Following an ancient practice of Babylonian Jews that is now observed throughout the world, the Five Books of Moses (Genesis, Exodus, Leviticus, Numbers, and Deuteronomy)
are divided into 54 sections called parashat hashevua, the weekly portion. A different section is read each Shabbat. Special sections of the Torah are designated
to be read at each Jewish holiday. Often, these sections are thematically related to the holiday.

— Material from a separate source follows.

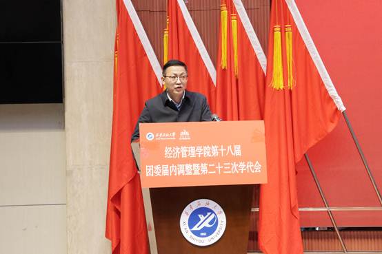 11月27日,共青团beat365官方网站经济管理学院第十八届委员会届内调整暨第二十三次学生代表大会在鄠邑校区学术报告厅顺利召开。校团委书记王刚、经济管理学院党委副书记杨生强、经济管理学院团委书记李博文、校团委干事李政、王泽文、学院各年级团总支书记、辅导员以及各兄弟院(系)学生会主席团代表、学院学生代表200余人参加了此次会议。

On the first day of Sukkot, the Torah portion Emor (Leviticus 23:33-44) is read, which includes the instructions to dwell in booths. The Haftarah, the special selection from the
prophetic books that accompanies Torah readings on Shabbat and holidays,is from Zechariah 14:7-9, 16-21. The Torah is read on every day of the festival,
including the Shabbat that falls during Sukkot. On this Shabbat, the Book of Kohelet (Ecclesiastes) is read.

At Home

Many families build their own sukkah at home, or visit the sukkah of other families. Extending hospitality, especially to the needy is a Sukkot custom.  Many Jews invite guests outside of their families to join them for a holiday meal in the sukkah. Especially on the first two nights, tradition calls for a family to enter the sukkah, recite haMotzi, the prayer over bread, and then add a special blessing: Baruch atah Adonai, Eloheinu Melech haolam, asher kid’shanu b’mitzvotav v’tzivanu leisheiv basukah. “Blessed are You, Adonai our God, Ruler of the universe, who has sanctified us through your mitzvot and commanded us to dwell in the sukkah.”